From the first line to the last, repeat the data exactly and drop the pictures.

[Stored entries]

<<<<

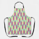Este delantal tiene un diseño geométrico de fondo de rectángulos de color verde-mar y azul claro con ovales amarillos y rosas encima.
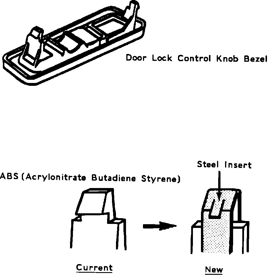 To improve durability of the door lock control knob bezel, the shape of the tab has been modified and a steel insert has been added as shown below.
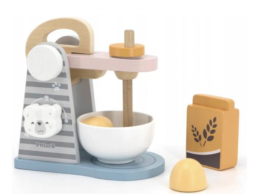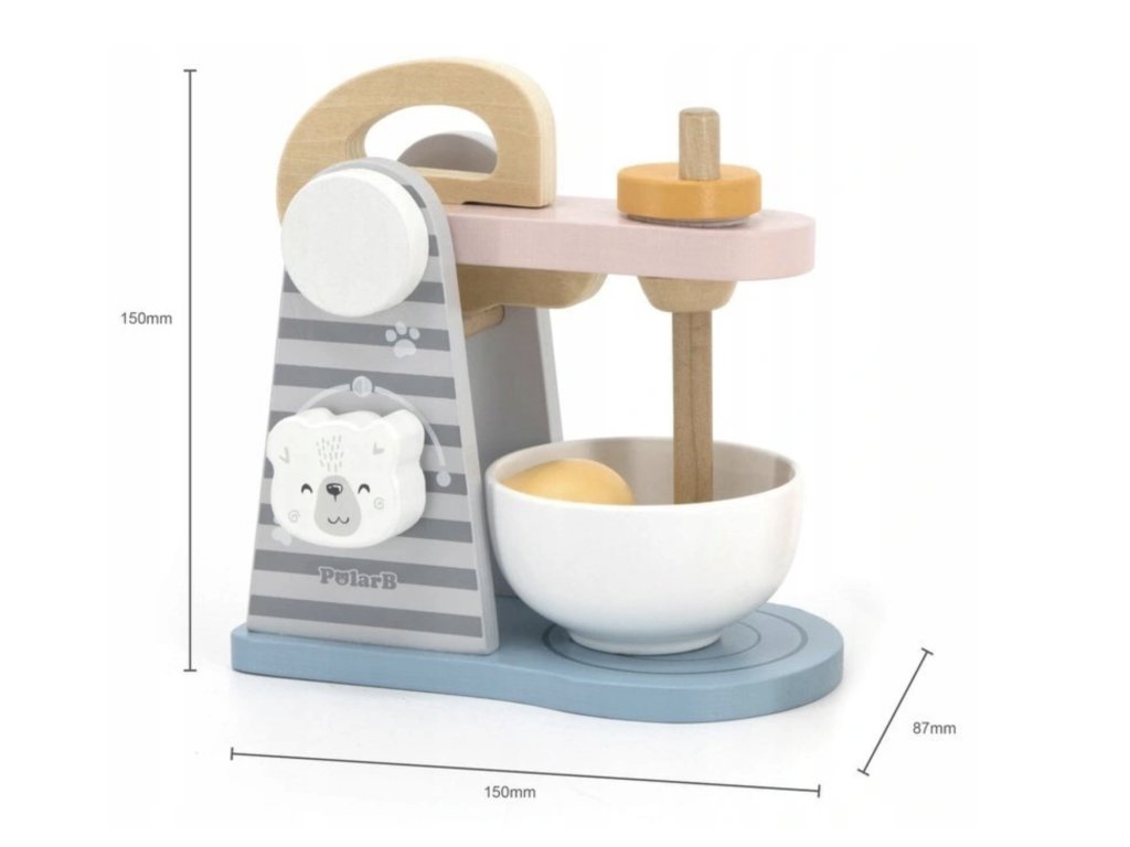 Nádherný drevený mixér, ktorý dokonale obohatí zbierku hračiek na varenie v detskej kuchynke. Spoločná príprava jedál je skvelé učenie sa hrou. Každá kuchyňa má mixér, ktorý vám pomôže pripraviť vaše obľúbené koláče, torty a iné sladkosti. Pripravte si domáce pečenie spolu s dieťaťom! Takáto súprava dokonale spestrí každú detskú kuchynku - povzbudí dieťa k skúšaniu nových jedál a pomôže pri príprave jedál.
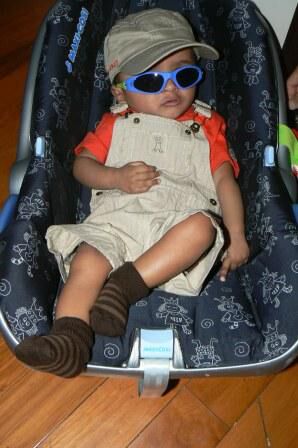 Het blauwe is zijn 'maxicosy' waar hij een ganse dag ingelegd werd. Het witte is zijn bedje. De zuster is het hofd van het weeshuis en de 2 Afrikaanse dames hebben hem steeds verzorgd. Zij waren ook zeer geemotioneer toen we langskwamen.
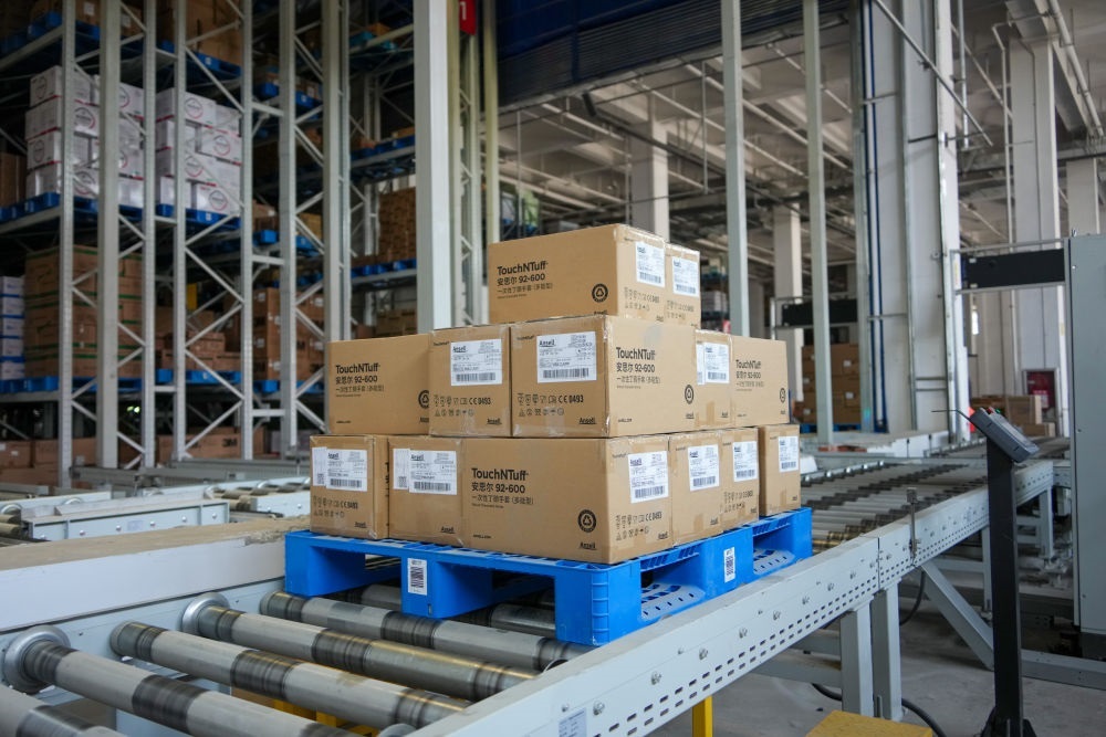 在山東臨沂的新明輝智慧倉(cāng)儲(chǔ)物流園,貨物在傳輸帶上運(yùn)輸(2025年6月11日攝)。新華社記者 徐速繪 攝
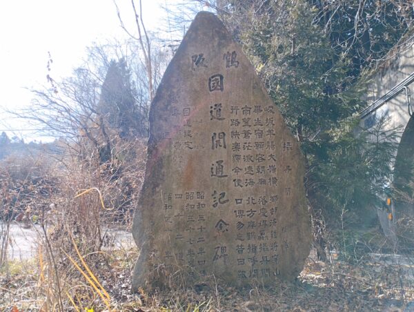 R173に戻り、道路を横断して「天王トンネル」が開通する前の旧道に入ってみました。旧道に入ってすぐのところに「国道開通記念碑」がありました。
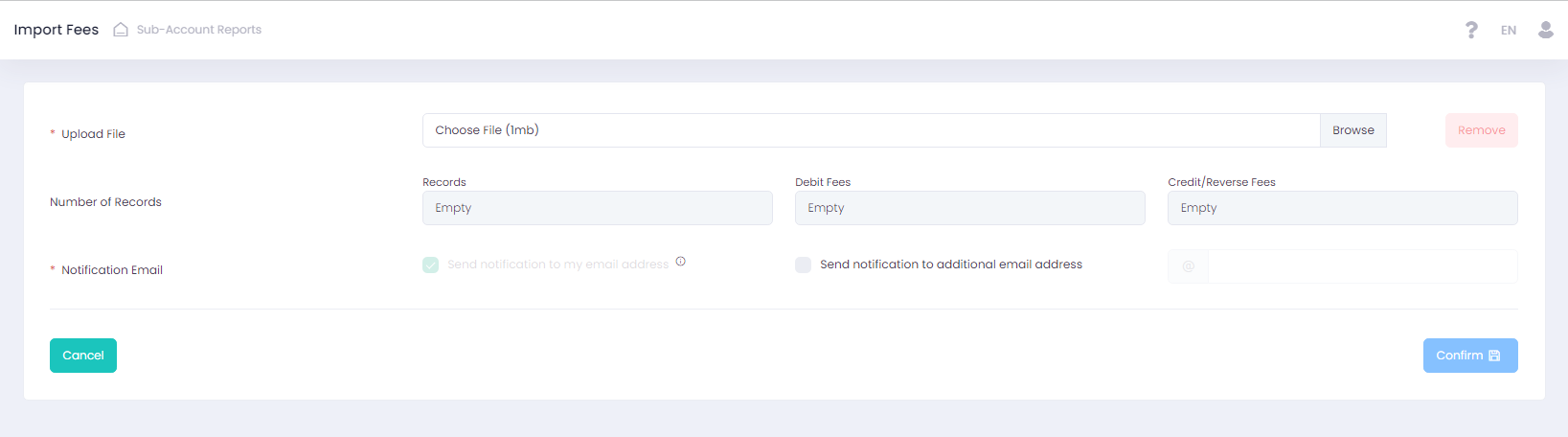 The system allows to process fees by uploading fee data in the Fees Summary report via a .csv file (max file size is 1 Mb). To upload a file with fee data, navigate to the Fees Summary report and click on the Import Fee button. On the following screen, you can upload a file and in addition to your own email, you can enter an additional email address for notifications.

>>>>

» **Result of this task**
Este delantal tiene un diseño geométrico de fondo de rectángulos de color verde-mar y azul claro con ovales amarillos y rosas encima.
 To improve durability of the door lock control knob bezel, the shape of the tab has been modified and a steel insert has been added as shown below.
 Nádherný drevený mixér, ktorý dokonale obohatí zbierku hračiek na varenie v detskej kuchynke. Spoločná príprava jedál je skvelé učenie sa hrou. Každá kuchyňa má mixér, ktorý vám pomôže pripraviť vaše obľúbené koláče, torty a iné sladkosti. Pripravte si domáce pečenie spolu s dieťaťom! Takáto súprava dokonale spestrí každú detskú kuchynku - povzbudí dieťa k skúšaniu nových jedál a pomôže pri príprave jedál.
 Het blauwe is zijn 'maxicosy' waar hij een ganse dag ingelegd werd. Het witte is zijn bedje. De zuster is het hofd van het weeshuis en de 2 Afrikaanse dames hebben hem steeds verzorgd. Zij waren ook zeer geemotioneer toen we langskwamen.
 在山東臨沂的新明輝智慧倉(cāng)儲(chǔ)物流園,貨物在傳輸帶上運(yùn)輸(2025年6月11日攝)。新華社記者 徐速繪 攝
 R173に戻り、道路を横断して「天王トンネル」が開通する前の旧道に入ってみました。旧道に入ってすぐのところに「国道開通記念碑」がありました。
 The system allows to process fees by uploading fee data in the Fees Summary report via a .csv file (max file size is 1 Mb). To upload a file with fee data, navigate to the Fees Summary report and click on the Import Fee button. On the following screen, you can upload a file and in addition to your own email, you can enter an additional email address for notifications.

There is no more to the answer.